What you are asked to do:
Provide an exact copy of the data, excluding the images.

Supplied information:
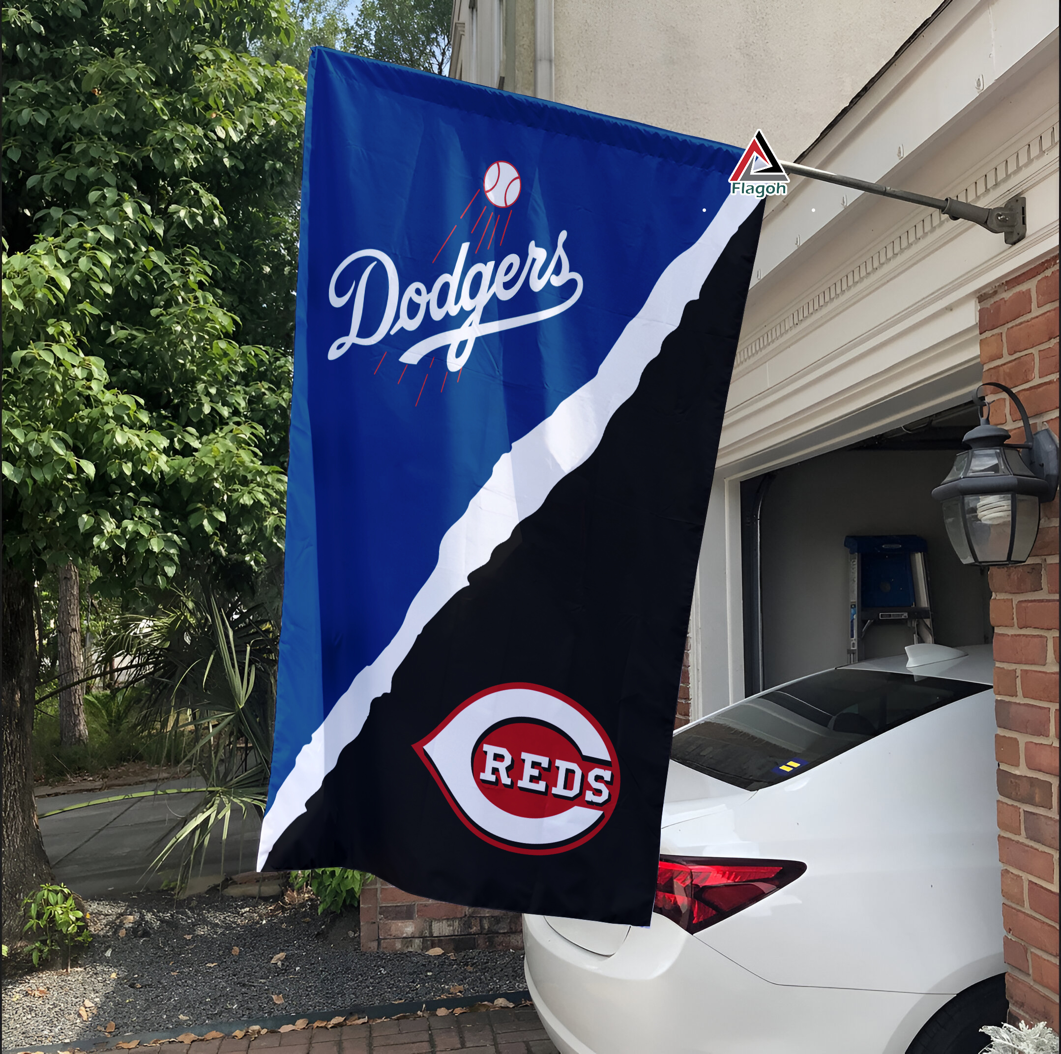 Los Angeles Dodgers vs Cincinnati Reds House Divided Flag, MLB House Divided Flag
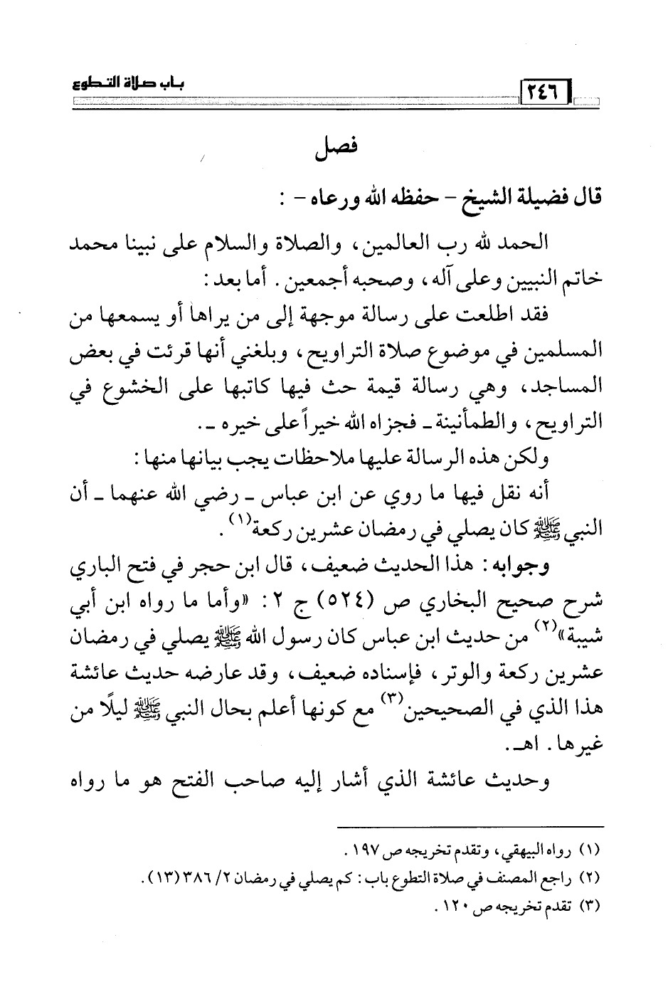 وجوابه: هذا الحديث ضعيف، قال ابن حجر في فتح الباري شرح صحيح البخاري ص (524) ج2: "وأما ما رواه ابن أبي شيبة" (¬2) من حديث ابن عباس كان رسول الله صَلَّى اللَّهُ عَلَيْهِ وَسَلَّمَ يصلي في رمضان عشرين ركعة والوتر، فإسناده ضعيف، وقد عارضه حديث عائشة هذا الذي في الصحيحين (¬3) مع كونها أعلم بحال النبي صَلَّى اللَّهُ عَلَيْهِ وَسَلَّمَ ليلاً من غيرها. أهـ.
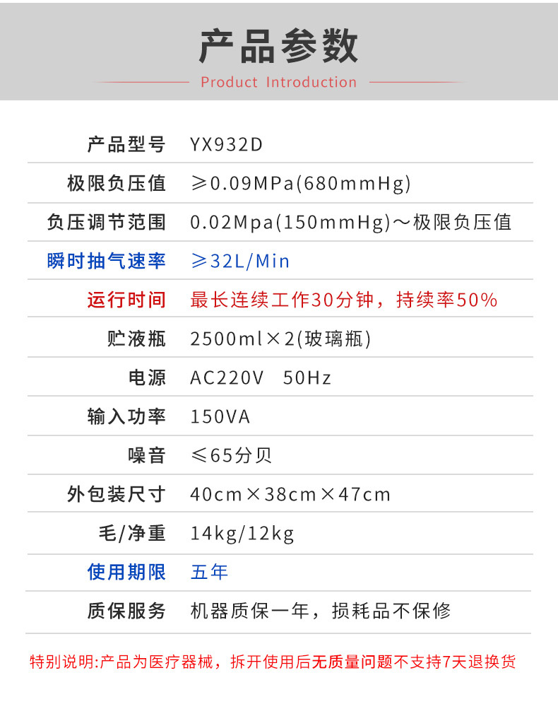 上海斯曼峰 電動(dòng)吸引器 YX932D 產(chǎn)品參數(shù):
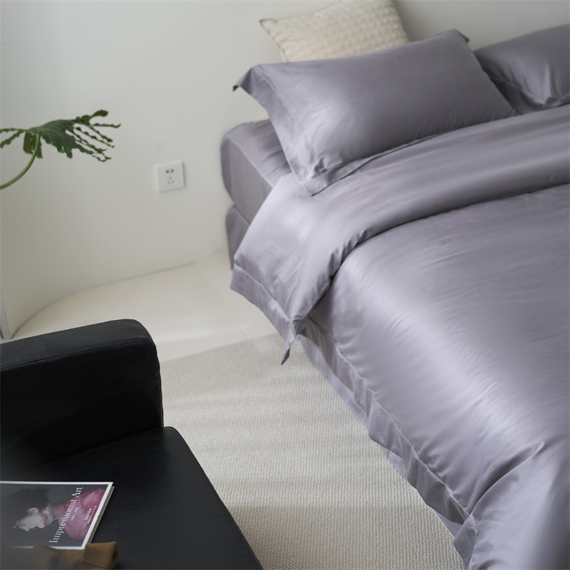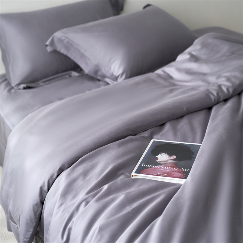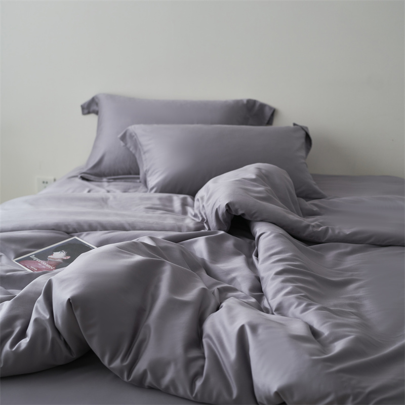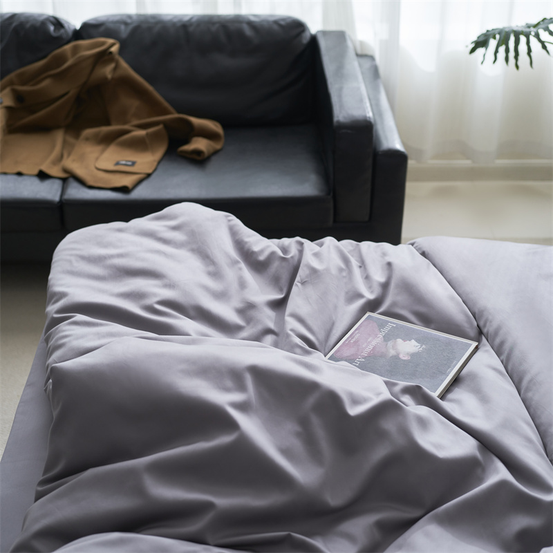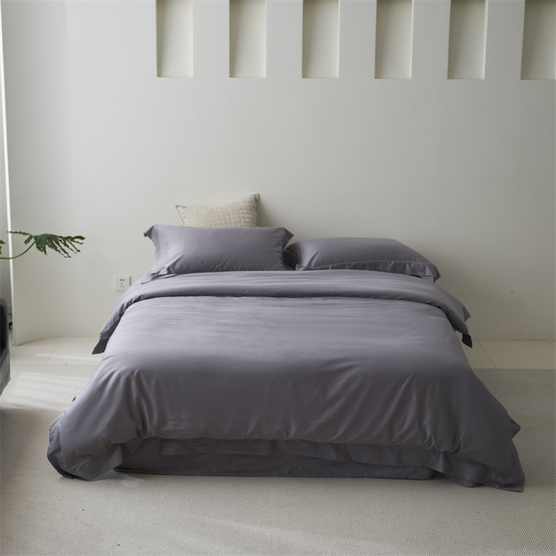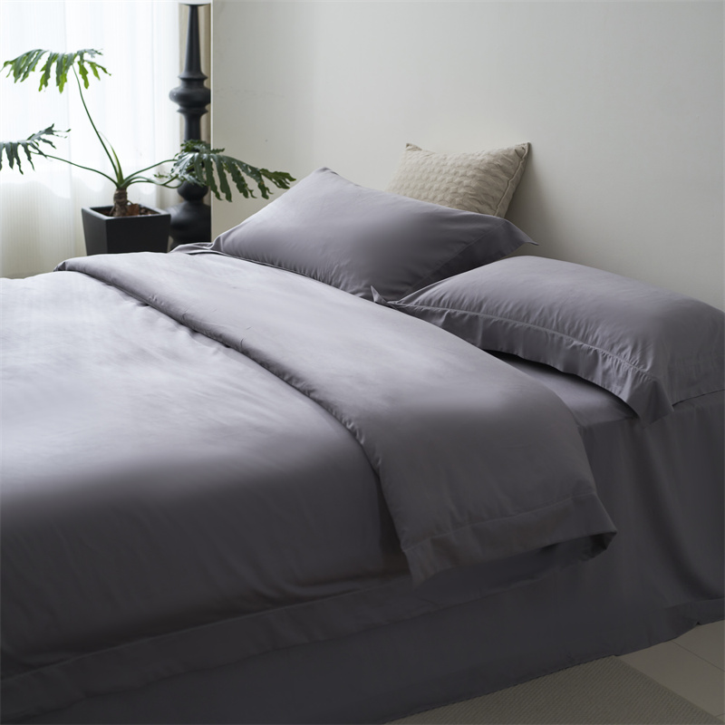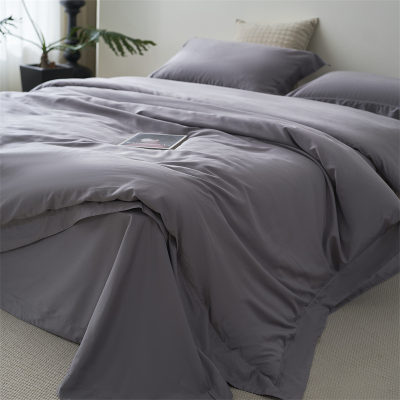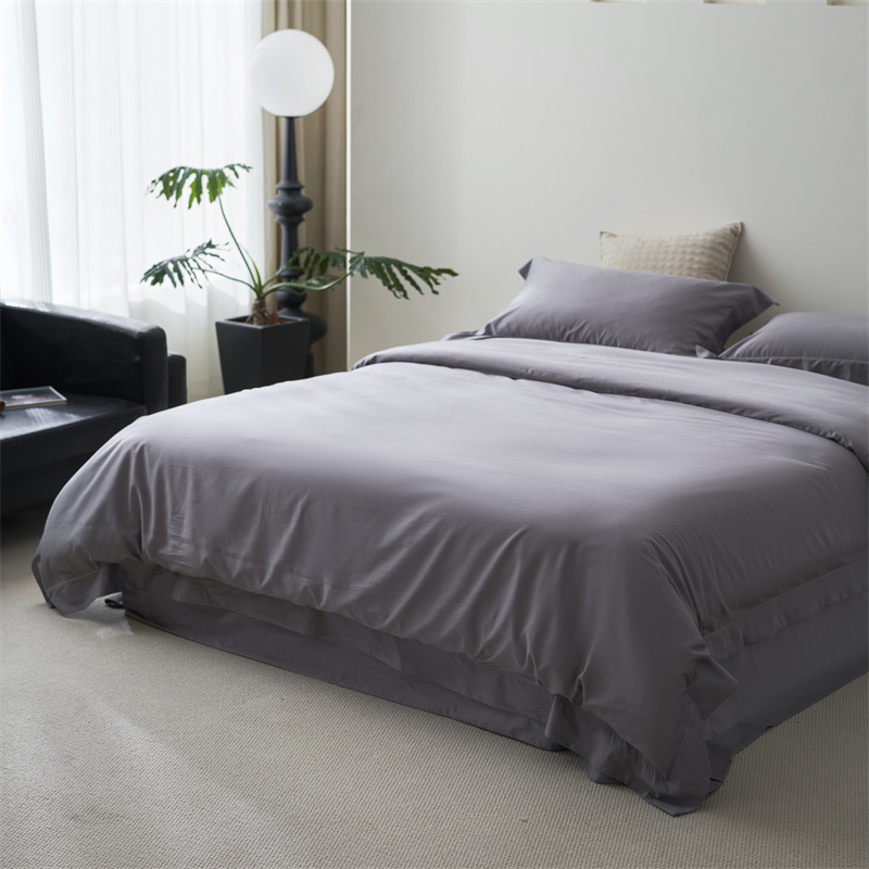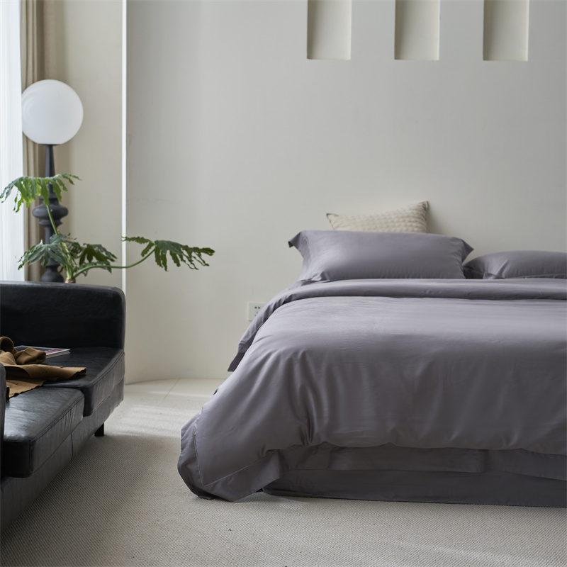 商品名称:阿那亚 2024四季款新品东帝兴绫罗缎(超细旦天丝+新疆长绒棉)轻磨毛纯色简约四件套(控价:498/518) 深灰

Result of this task:
 Los Angeles Dodgers vs Cincinnati Reds House Divided Flag, MLB House Divided Flag
 وجوابه: هذا الحديث ضعيف، قال ابن حجر في فتح الباري شرح صحيح البخاري ص (524) ج2: "وأما ما رواه ابن أبي شيبة" (¬2) من حديث ابن عباس كان رسول الله صَلَّى اللَّهُ عَلَيْهِ وَسَلَّمَ يصلي في رمضان عشرين ركعة والوتر، فإسناده ضعيف، وقد عارضه حديث عائشة هذا الذي في الصحيحين (¬3) مع كونها أعلم بحال النبي صَلَّى اللَّهُ عَلَيْهِ وَسَلَّمَ ليلاً من غيرها. أهـ.
 上海斯曼峰 電動(dòng)吸引器 YX932D 產(chǎn)品參數(shù):
 商品名称:阿那亚 2024四季款新品东帝兴绫罗缎(超细旦天丝+新疆长绒棉)轻磨毛纯色简约四件套(控价:498/518) 深灰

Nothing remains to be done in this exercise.